Journey Story

The Courage To Be

by Dr . Robyn Henderson-Espinoza

Last week I wrote on hope, and the reason I wrote on hope was that I needed a bit of hope.

I needed to be reminded that even my body carries the story of hope.

And as we near the end of 2016 and stand in the liturgical season of Advent where we wait for the unexpected to become human, I still am in need of hope.

With hope fresh on my mind, I traveled to Orlando, Florida, with the National LGBTQ Task Force, and we visited the PULSE Orlando Nightclub where 49 LGBTQ people of color were killed. With hope pouring from my lips even as I read aloud the names of our own, I participated in a ritual of public mourning and lament.

And at that moment, I realized, that I need not only hope, but also the Courage to Be.

I remember reading The Courage to Be by Paul Tillich in college. Then, I had no experiences that demanded I have courage…except maybe the courage to go to college. But now, in 2016, as I am becoming ever more myself, every day I have experiences that demand I have courage!

Courage is not only an ethical act, but it is also a state of being.

Courage, as a human act, is important to note because it reminds us that we have the ability to act courageously. Likewise, courage as a self-affirmation of one’s being in the world is an important reality to embrace, especially when the courage to be results in living beyond the normative.

In particular, escaping the norm of a gender binary requires courage. Discovering language to describe myself was an awakening of courage. “Transgender” named an in-between space that I recognized. I had for long understood myself as a mixed-raced Latinx, or Mestizaje.

After all, my mother is an earth-hue brown Mexican woman not of this country, and each time I am next to her, I am reminded that I am of mixed-blood. My father was white.

I had to have courage to come out as being in/between Mexican and non-Mexican.  

I struggled with this because I have light-skin passing privilege, and unless I’m speaking Spanish, I am likely read as white.  And, when I discovered the language of Transgender about a decade ago, I began to wonder if this language even captured my reality?

When I began thinking about being Trans, the Denver community asked me why I wasn’t going on T (testosterone). I didn’t feel compelled to ‘transition’ to being male; I only knew that I didn’t feel or identity as being female. If anything (and I would write this out when I was asked for a bio), I was fe/male, and I relished being in/between, in the slash of fe and male.
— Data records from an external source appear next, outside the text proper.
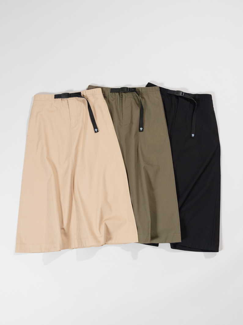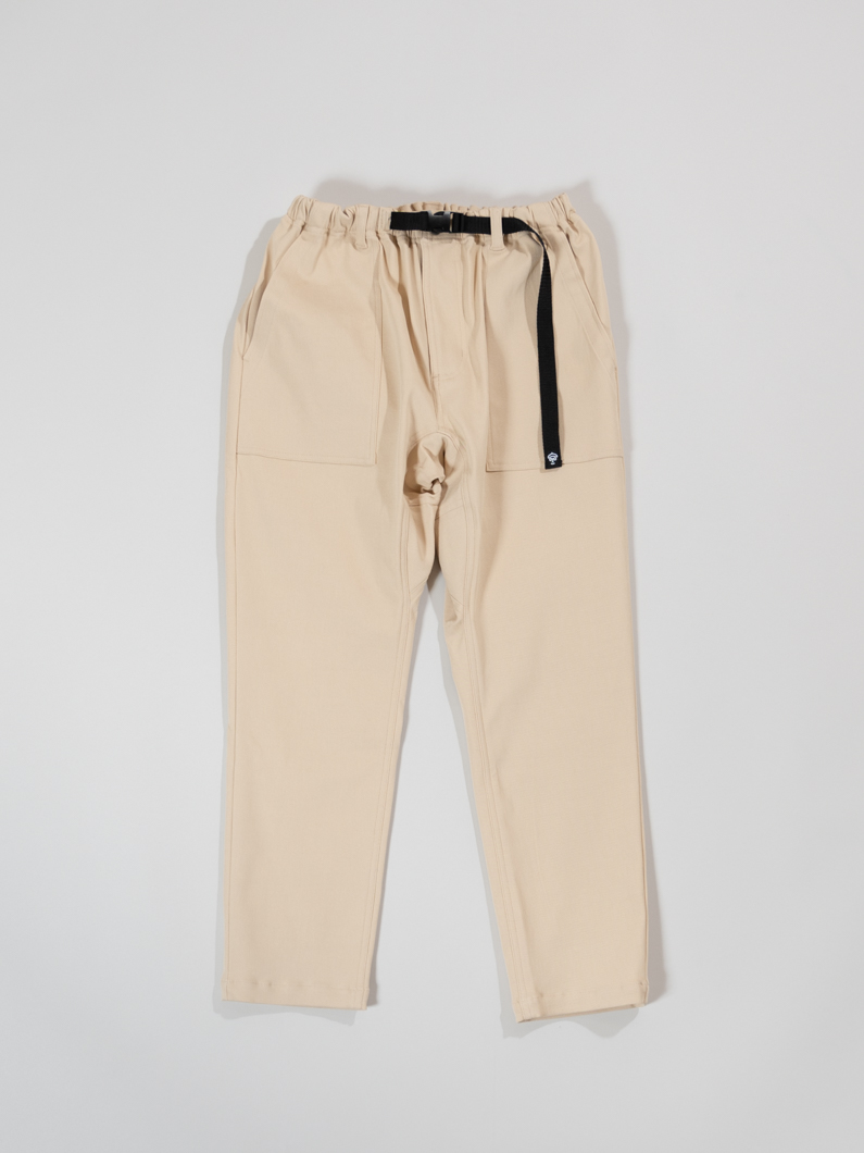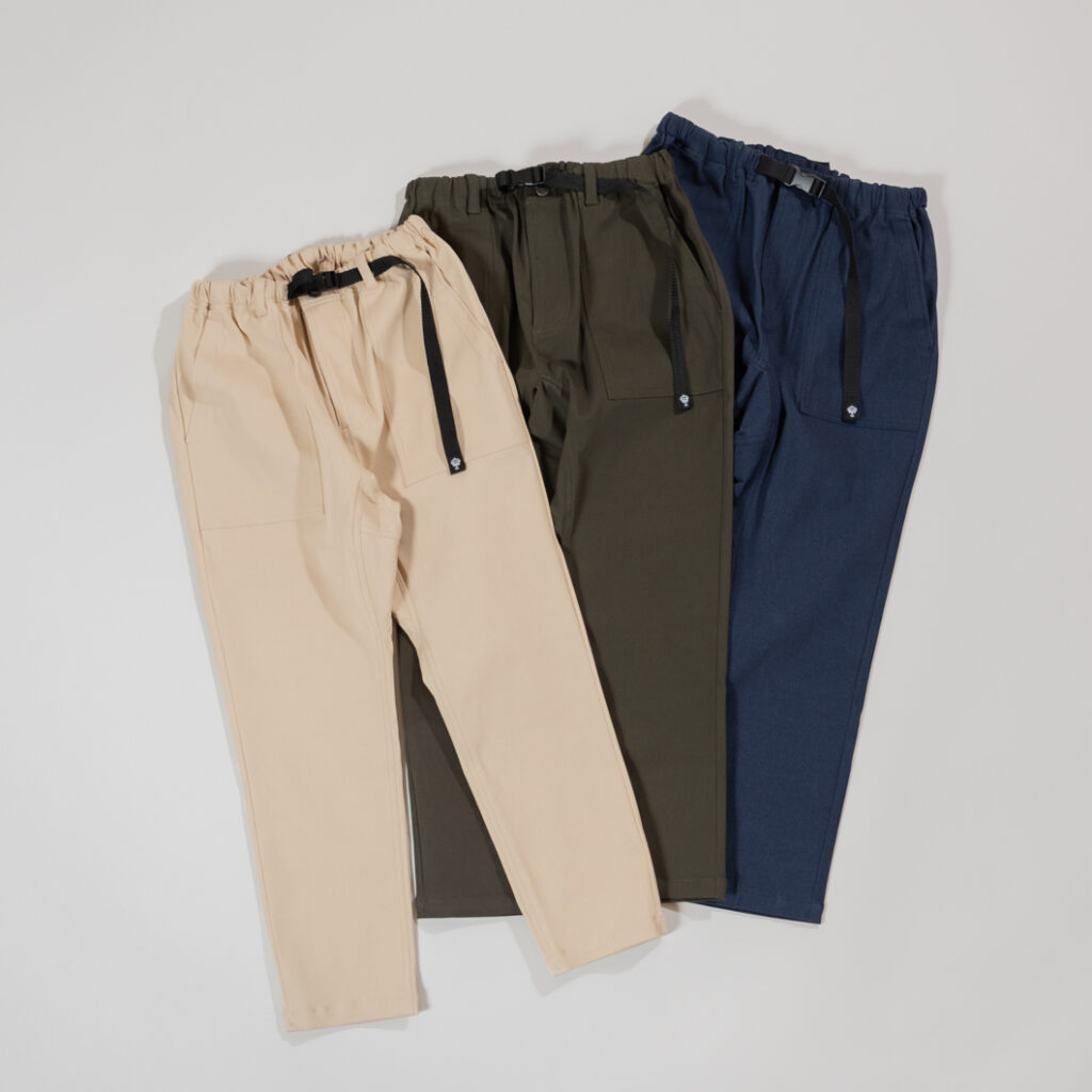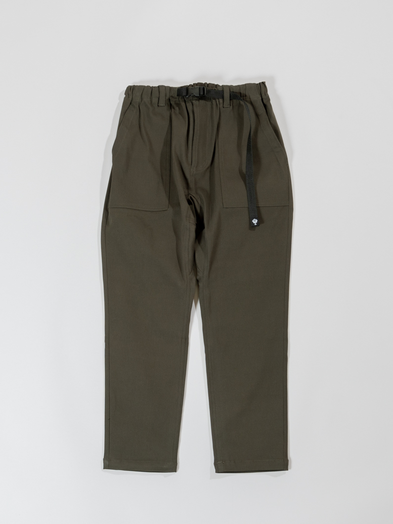 ストレッチ抜群のクライミングパンツ。生地は縦にも横にも伸び、抜群の伸縮性を誇る4WAYスーパーストレッチ生地を採用し、圧倒的な伸縮性でストレスフリーな履き心地。さらに股下のガゼットクロッチにより股下の可動域が広がり、180度の開脚も突っ張ることなくストレスフリー。まさに名前の通りこのパンツで山を登れます。両サイドの大きなポケットがアクセントで、ウェービングベルトがメリハリのある着こなしのアクセントをプラス。ウエストはゴムと付属ベルトで調節できる為、着脱も簡単で楽ちんです!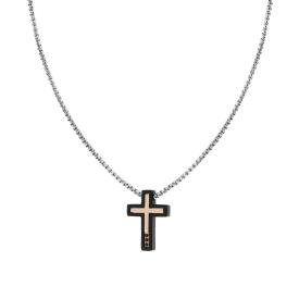 Collana con catena Forzatina Diamantata con accessorio pendente a forma di croce bicolore, nero e acciaio con finitura liscia e lu...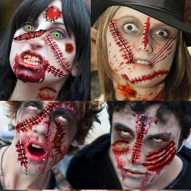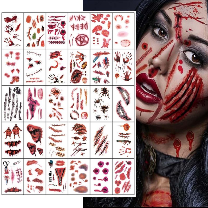 - Rrealistic Zombie Tattoo Kit:Come with 30 sheets Halloween scar tattoos. The 3D design and clear ink makes scar wounds look more realistic and natural, present a more shocking and realistic effect and giving you a better dress up experience. The patterns like big bloody wound, bite mark, cut, scar, stitches, scratch, and so on! Unforgettable Halloween experience start with it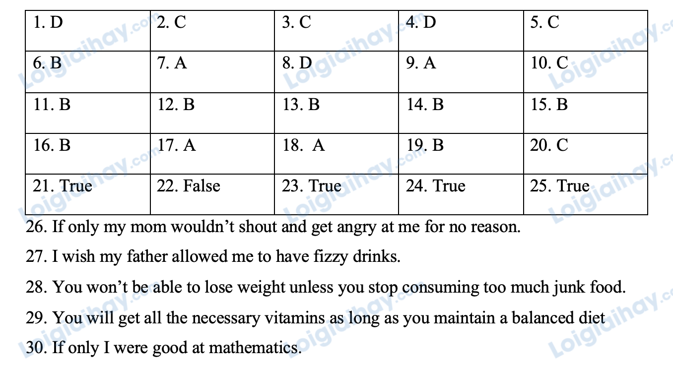 Find the word which has a different sound in the part underlined. Choose the correct answer. Choose the word or phrase among A, B, C or D that best fits the blank space in the following passage. Read the text and decide whether each statement is T (TRUE), F (FALSE). Rewrite the following sentences, using the given words in the brackets.
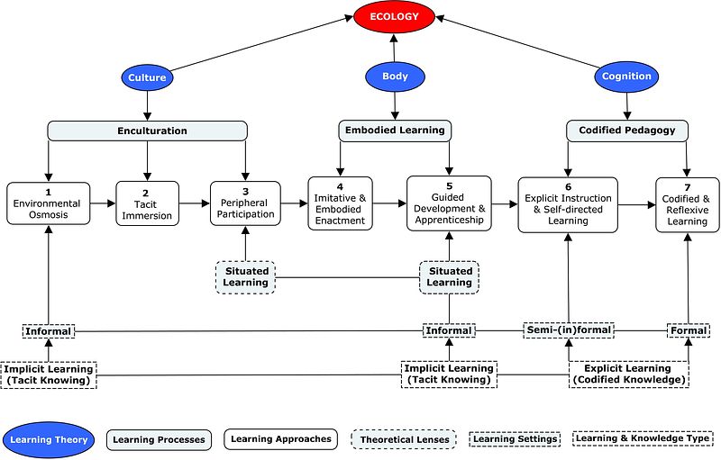 The diagram represents Cuban music learning as a multiscale ecology, integrating processes unfolding across cultural, embodied, and cognitive dimensions. It traces a progression from enculturation-based learning processes (environmental osmosis, tacit immersion, and peripheral participation), through those characterized by embodiment (imitative and embodied enactment, and guided apprenticeship), and into forms of codified pedagogy – ranging from explicit instruction and self-directed learning to codified and reflective practices.

Many people told me I was not Trans, even my partner at the time, but I knew that I didn’t identify with my assigned sex and gender; I was in between it all, like my raced body.

In the years to come, I would learn a new language in the Trans community that really spoke to me. It took courage for me to join the various Trans communities and to furthermore name myself as enfleshing a Trans reality.

Becoming part of our community and living fully took the courage to be!  

Living in the / (slash) or the – (hyphen) of gender and sex means that it’s messy to speak about my gender orientation and my sex. I am neither / nor, and both / and. I am becoming and it takes courage for me to become who I am called to be.

This Advent, I am embracing the courage to be and leaning into the potential of my own queer becoming. This emerges after realizing that I have an unquenchable hope and am devoted to a queer utopia, especially in the in between spaces of my own pessimism of our current reality.

We queer nonbinary folk are not only enfleshing courage as a state of being, but we are seeking to live out courage in new ways: we are drinking tea with unlikely conversation partners and having conversations that highlight our own need for radical social change and Trans visibility… we are writing letters and unmasking the complexities of our current Trans reality…

We are naming the importance of the visibility of nonbinary Transgender folks in an age of perpetual violence. 

All of this takes courage, and in a season where I am leaning to(ward) a queer utopia, I trust that the never-receding horizon is one that meets me full of courage, and a community of folks ready to help add to the courage to be.

IGNACIO
by Gabriel Garcia Roman
Photogravure w/ Chine-Colle and silkscreen, 15in x 18in.

Text by Ignacio:

I live in this place called the middle.  A place not yet defined, not yet understood, nor accepted.  I am everything but never nothing, cause nothing doesn’t derive from anything, and I do!!

Navigated their Rules & gender regulations.  Not allowed to look like…..

I come from pink sheets, flowered dresses, ponytails, babydolls, stuffed brash & make up, gender fluid-gender/ gender-fuck.

I am every woman and I am every man….and I am none of that.

I live in this dangerous place.

I am the person I am.  I was a girl…a woman.  All of it and moe.  Take all of me!

Homophobia * Sexism * Femmephobia * Transphobia *

In my androgyny…guarded ees stared intently trying to figure “it” out.  These days, you are a (gay) man, and when you do, I remember my survival teachings as a girl.

Ignacio G Rivera is a Two-Spirit, Black-Boricua Taíno, queer performance artist, activist, filmmaker, lecturer and sex educator who prefers the gender neutral pronoun “they.”